EXERCISE REQUIREMENTS: An exact copy is the goal: every line from the one containing "18. Using Special" to the end of the material below, pictures excluded.

EXERCISE DATA:
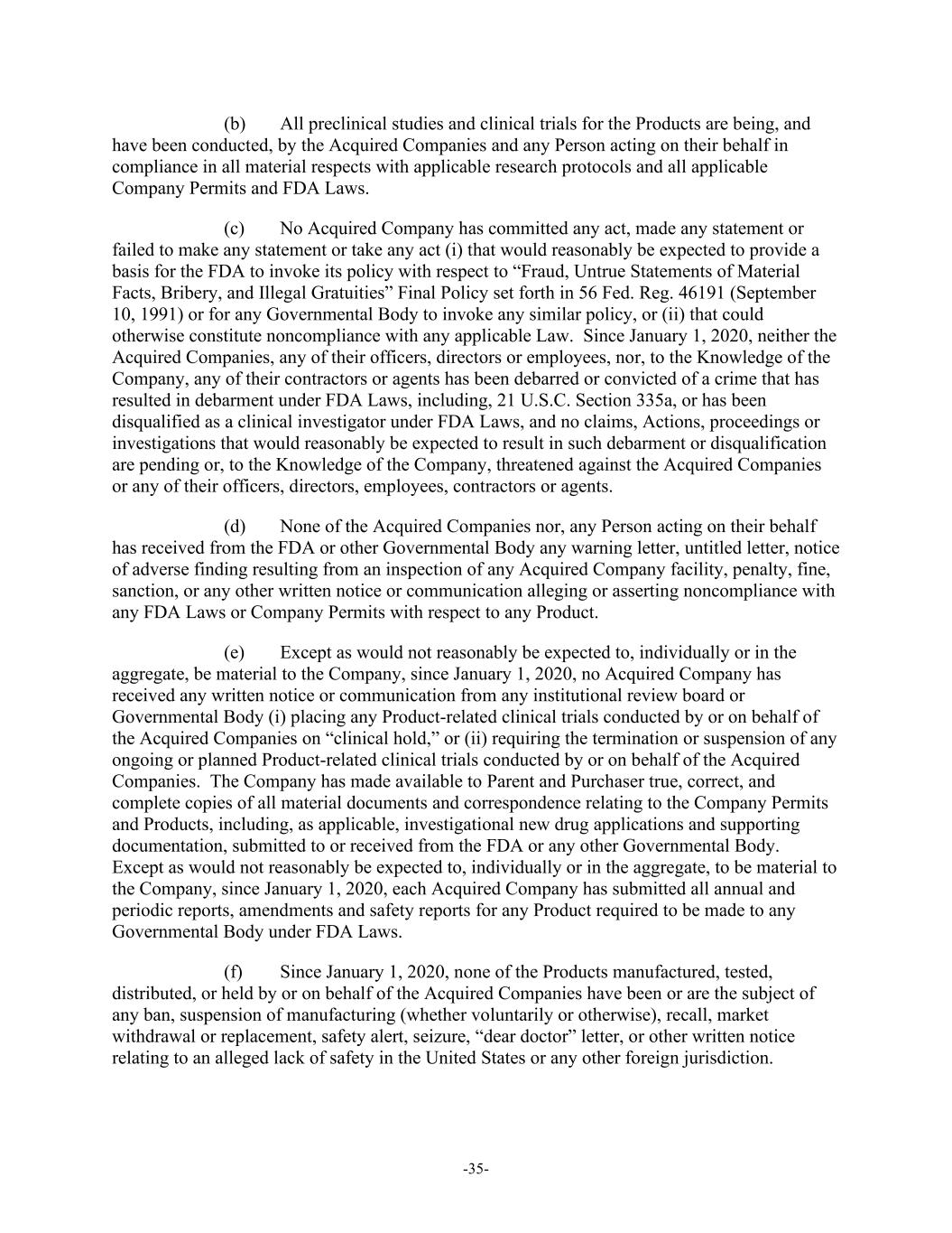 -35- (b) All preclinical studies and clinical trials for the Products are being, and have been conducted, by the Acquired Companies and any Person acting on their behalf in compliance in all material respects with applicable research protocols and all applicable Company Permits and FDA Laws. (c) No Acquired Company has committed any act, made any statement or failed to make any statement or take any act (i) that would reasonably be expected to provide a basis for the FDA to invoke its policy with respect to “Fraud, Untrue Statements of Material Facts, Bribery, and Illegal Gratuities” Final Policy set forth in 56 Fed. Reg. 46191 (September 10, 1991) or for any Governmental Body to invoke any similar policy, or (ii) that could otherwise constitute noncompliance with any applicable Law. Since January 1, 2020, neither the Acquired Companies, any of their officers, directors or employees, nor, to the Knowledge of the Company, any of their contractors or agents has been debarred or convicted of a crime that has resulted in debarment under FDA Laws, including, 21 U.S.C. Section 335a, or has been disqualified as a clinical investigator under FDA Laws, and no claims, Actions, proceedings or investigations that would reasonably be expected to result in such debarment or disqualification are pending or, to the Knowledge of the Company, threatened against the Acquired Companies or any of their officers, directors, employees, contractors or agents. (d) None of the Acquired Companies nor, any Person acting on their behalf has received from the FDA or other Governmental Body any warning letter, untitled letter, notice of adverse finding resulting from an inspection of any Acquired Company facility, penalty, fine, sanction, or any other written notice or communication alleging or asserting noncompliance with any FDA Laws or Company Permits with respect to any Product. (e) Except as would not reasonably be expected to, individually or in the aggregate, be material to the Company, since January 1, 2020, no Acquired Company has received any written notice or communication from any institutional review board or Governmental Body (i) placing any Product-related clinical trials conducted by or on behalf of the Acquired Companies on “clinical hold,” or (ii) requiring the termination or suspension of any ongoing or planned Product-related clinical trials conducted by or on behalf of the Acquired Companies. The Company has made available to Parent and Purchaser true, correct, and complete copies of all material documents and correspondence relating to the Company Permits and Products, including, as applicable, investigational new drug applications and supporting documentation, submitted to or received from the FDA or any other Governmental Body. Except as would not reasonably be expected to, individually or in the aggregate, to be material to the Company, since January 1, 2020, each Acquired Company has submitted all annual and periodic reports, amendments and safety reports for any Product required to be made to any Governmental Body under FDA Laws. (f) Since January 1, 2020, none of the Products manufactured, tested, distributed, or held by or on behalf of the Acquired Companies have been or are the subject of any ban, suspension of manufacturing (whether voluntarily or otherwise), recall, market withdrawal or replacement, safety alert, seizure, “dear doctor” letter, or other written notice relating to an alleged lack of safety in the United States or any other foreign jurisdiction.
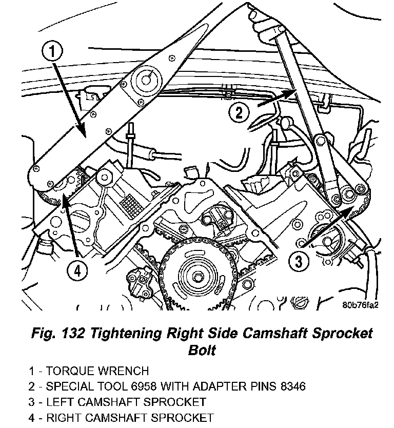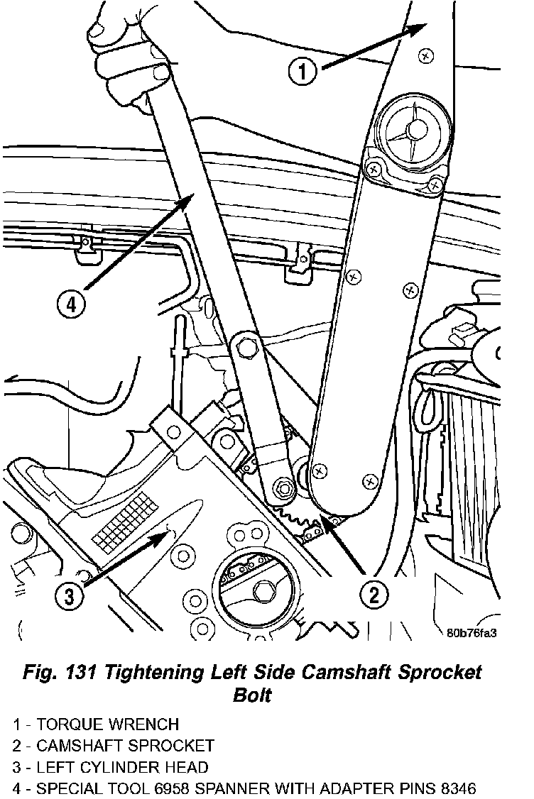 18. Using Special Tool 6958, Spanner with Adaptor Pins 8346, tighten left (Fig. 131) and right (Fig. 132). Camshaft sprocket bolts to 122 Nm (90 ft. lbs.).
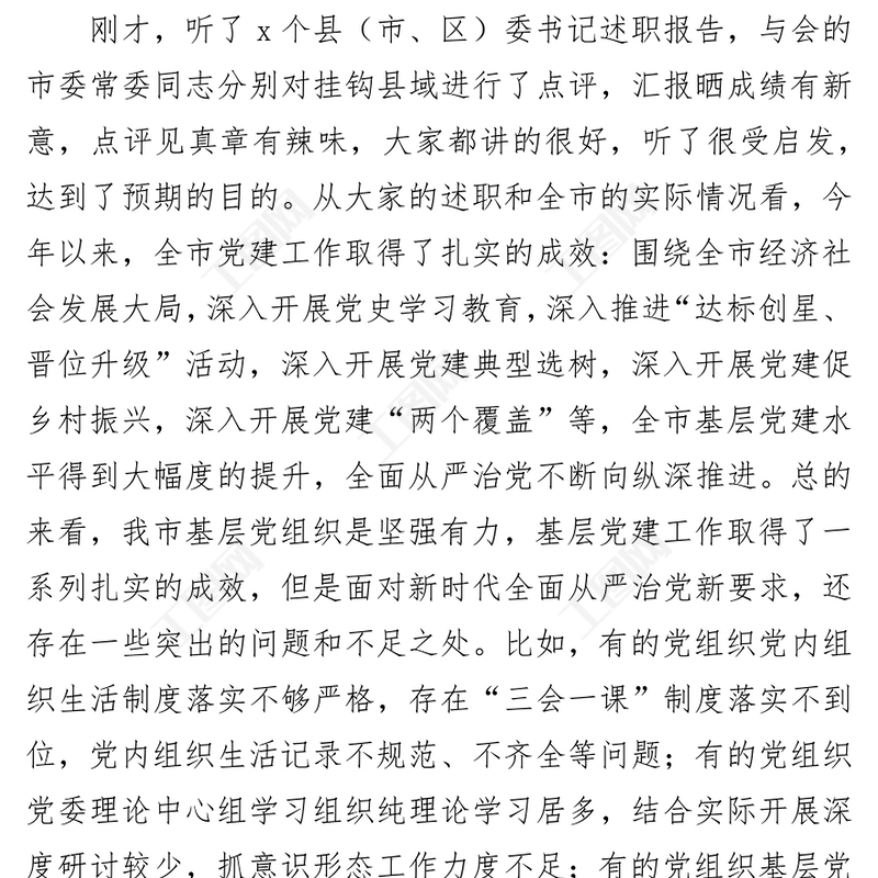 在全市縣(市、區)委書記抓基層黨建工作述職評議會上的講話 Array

TASK ANSWER:
 18. Using Special Tool 6958, Spanner with Adaptor Pins 8346, tighten left (Fig. 131) and right (Fig. 132). Camshaft sprocket bolts to 122 Nm (90 ft. lbs.).
 在全市縣(市、區)委書記抓基層黨建工作述職評議會上的講話 Array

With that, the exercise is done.